# Possible bad battery or other problem????



## NickD (Jul 16, 2003)

Earlier this morning I posted about a bad battery. However now I am having second thoughts.

This morning I went to start my car and it made a somewhat characterstic clicking sound that my other cars in the past (non-BMW) have made when the batteries are dead. However I had no previous signs of a weak battery. In addition to this I noticed that my xenon lights were ON when trying to start the car and I confirmed that indeed the light switch was OFF. I was thinking the drain on teh system from the xenons could prevent the car from starting. Even after getting the jumper cables hooked up my car still had the xenons on when trying to start.

So after getting in to work I checked the "eye" in the battery and it's green, indicating an OK, fully charged battery.

Does anyone have any ideas if this was indeed a battery problem or maybe a glitch in the computer system somewhere that was turning on my lights?


----------



## Cowbox (Aug 25, 2003)

*Similar problem, even w/ new battery*

I've had this problem too. It seems the key recognition system was malfunctioning. The car will start after waiting about 10 minutes. I've also learned that temporarily disconnecting the negative battery terminal and reconnecting allows my car to start again right away.

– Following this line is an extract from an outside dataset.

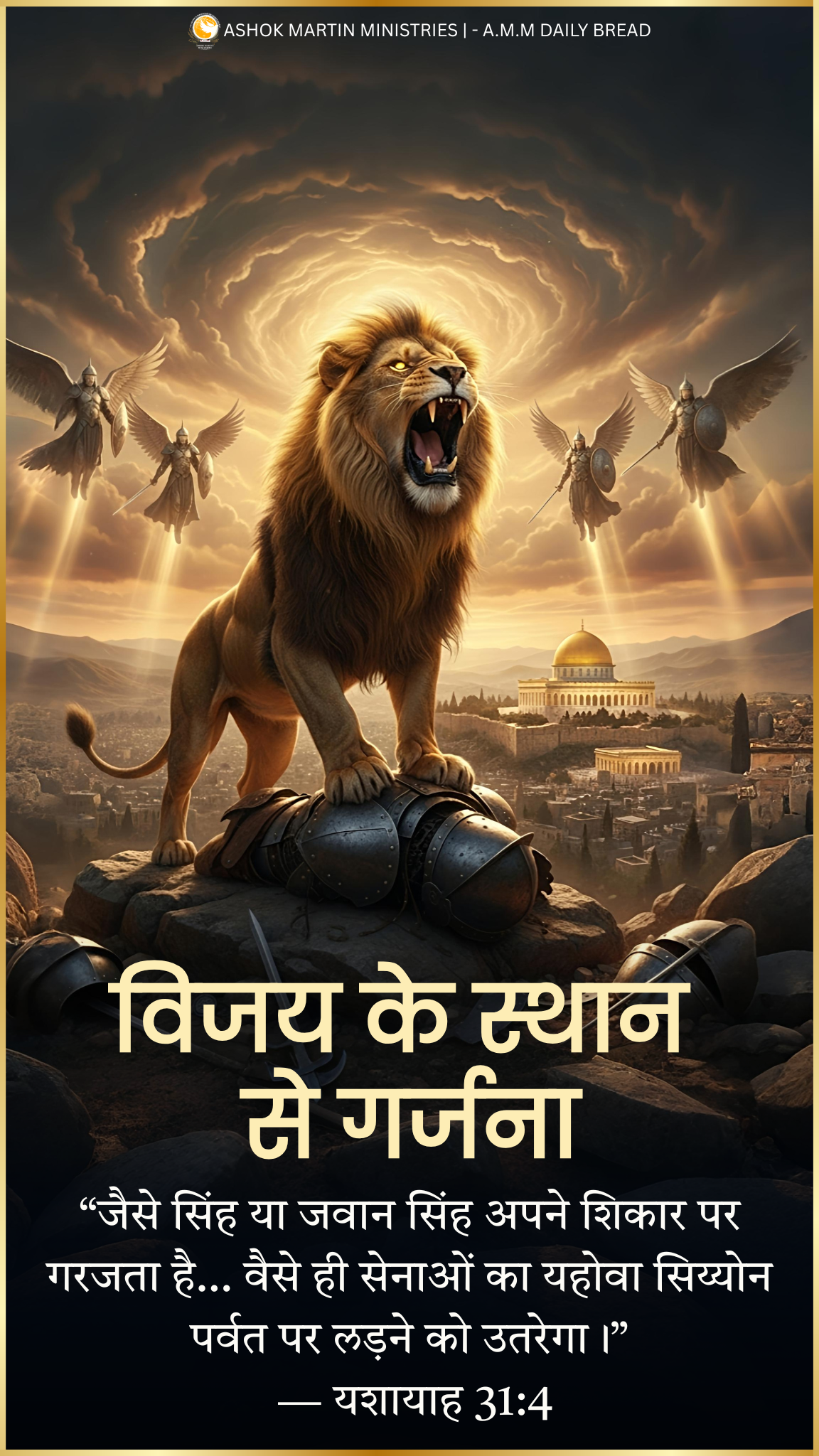 शत्रु आपकी आवाज़ से नहीं, आपके अधिकार से डरता है। इसलिए हर परिस्थिति पर खड़े हो जाओ और यीशु की विजय को गर्जो। अपने नगर, अपने परिवार, अपने भविष्य पर विजय की घोषणा करो। यह गर्जना उस व्यक्ति की नहीं है जो जीत की खोज में है, बल्कि उस व्यक्ति की है जो पहले से मिली हुई विजय की रक्षा कर रहा है।

Does anyone else have this problem?


----------



## NickD (Jul 16, 2003)

Cowbox said:


> I've had this problem too. It seems the key recognition system was malfunctioning. The car will start after waiting about 10 minutes. I've also learned that temporarily disconnecting the negative battery terminal and reconnecting allows my car to start again right away.
> 
> Does anyone else have this problem?


Hmm... Could it be the battery in my key is dying?


----------



## Cowbox (Aug 25, 2003)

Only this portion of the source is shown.